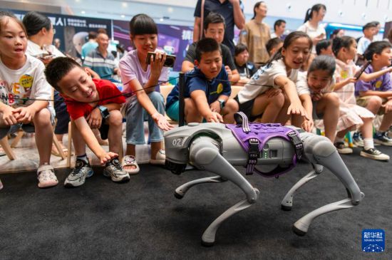 7月27日,在浙江省金華市金華之光文化廣場科技館,青少年與機(jī)器人互動(dòng)。
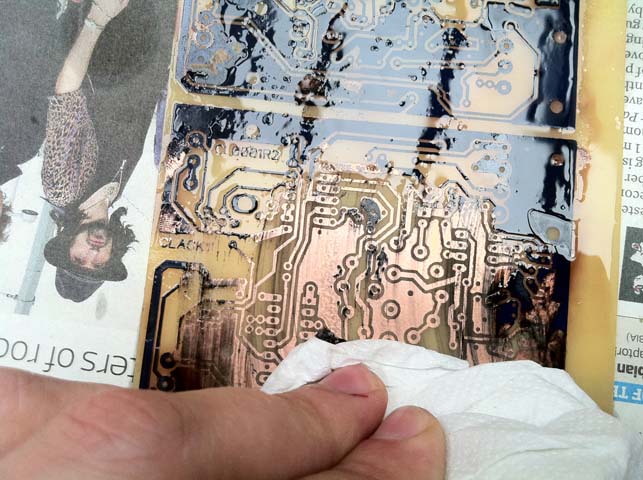 When all the acid is gone, pick up the board with paper towel and rinse it under the tap. Rinse it thoroughly until all the acid is gone, be careful of your kitchen sink! anything metal can be tarnished with this stuff!
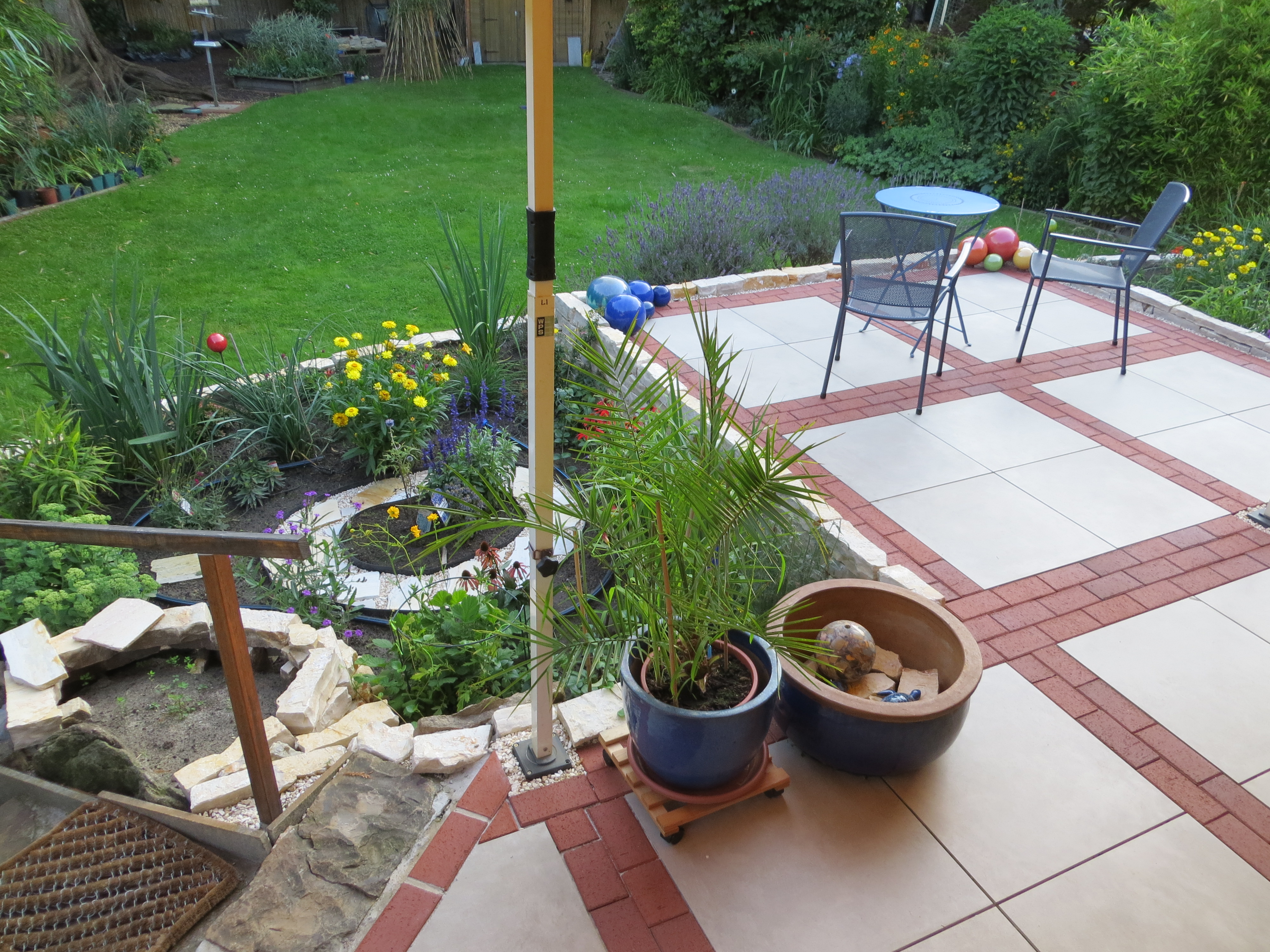 In beiden Beeten neben der "Bühne" habe wir kleine Rundwege angelegt. Das macht es einfacher, die notwendigen Pflegearbeiten auszuführen. Links vom Rundweg sieht man das Sandarium, das den Sandbienen als neue Heimat dienen soll. Bereits drei Tage nach der Errichtung sind die ersten Bienen eingezogen. Leider ist der ursprüngliche Haufen aus Sand und Lehm inzwischen durch den Dauerregen plattgewaschen. Hoffentlich haben die Larven es überlebt und finden im nächsten Jahr den Weg nach draußen.
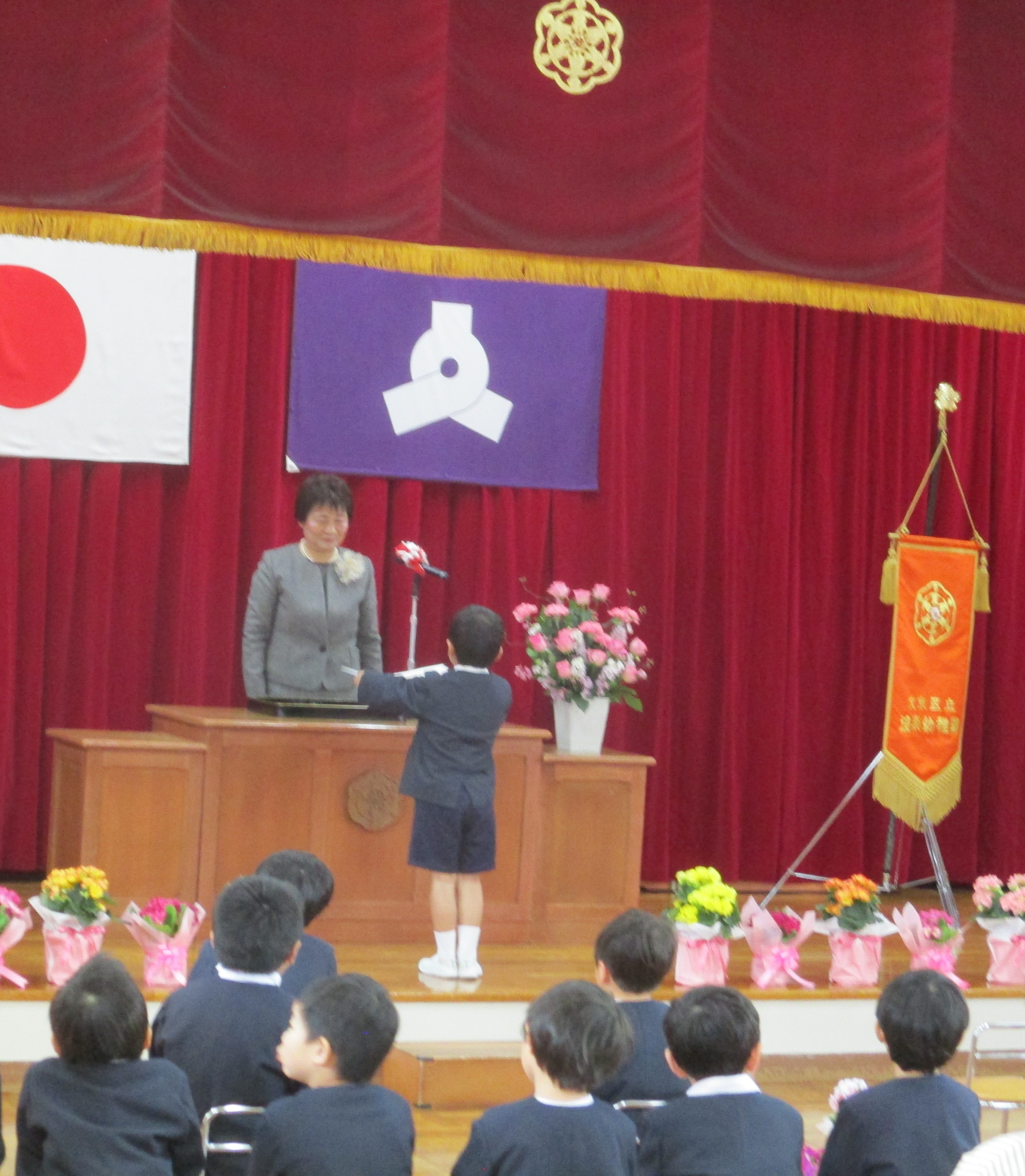 保護者の方に見守られながら、あお組一人一人が園長先生から修了証書を受け取りました。幼稚園で楽しかったこと、頑張ったことを振り返り、お別れの言葉を言ったり、歌を歌ったりし、自分たちの成長を感じながら式に臨んでいました。式の後には、もも組がお祝いの花束を渡したり、花道をつくったりして、園のみんなで門出をお祝いしました。

Work instructions
Without the pictures, repeat every line of the material above exactly.

Final answer
 7月27日,在浙江省金華市金華之光文化廣場科技館,青少年與機(jī)器人互動(dòng)。
 When all the acid is gone, pick up the board with paper towel and rinse it under the tap. Rinse it thoroughly until all the acid is gone, be careful of your kitchen sink! anything metal can be tarnished with this stuff!
 In beiden Beeten neben der "Bühne" habe wir kleine Rundwege angelegt. Das macht es einfacher, die notwendigen Pflegearbeiten auszuführen. Links vom Rundweg sieht man das Sandarium, das den Sandbienen als neue Heimat dienen soll. Bereits drei Tage nach der Errichtung sind die ersten Bienen eingezogen. Leider ist der ursprüngliche Haufen aus Sand und Lehm inzwischen durch den Dauerregen plattgewaschen. Hoffentlich haben die Larven es überlebt und finden im nächsten Jahr den Weg nach draußen.
 保護者の方に見守られながら、あお組一人一人が園長先生から修了証書を受け取りました。幼稚園で楽しかったこと、頑張ったことを振り返り、お別れの言葉を言ったり、歌を歌ったりし、自分たちの成長を感じながら式に臨んでいました。式の後には、もも組がお祝いの花束を渡したり、花道をつくったりして、園のみんなで門出をお祝いしました。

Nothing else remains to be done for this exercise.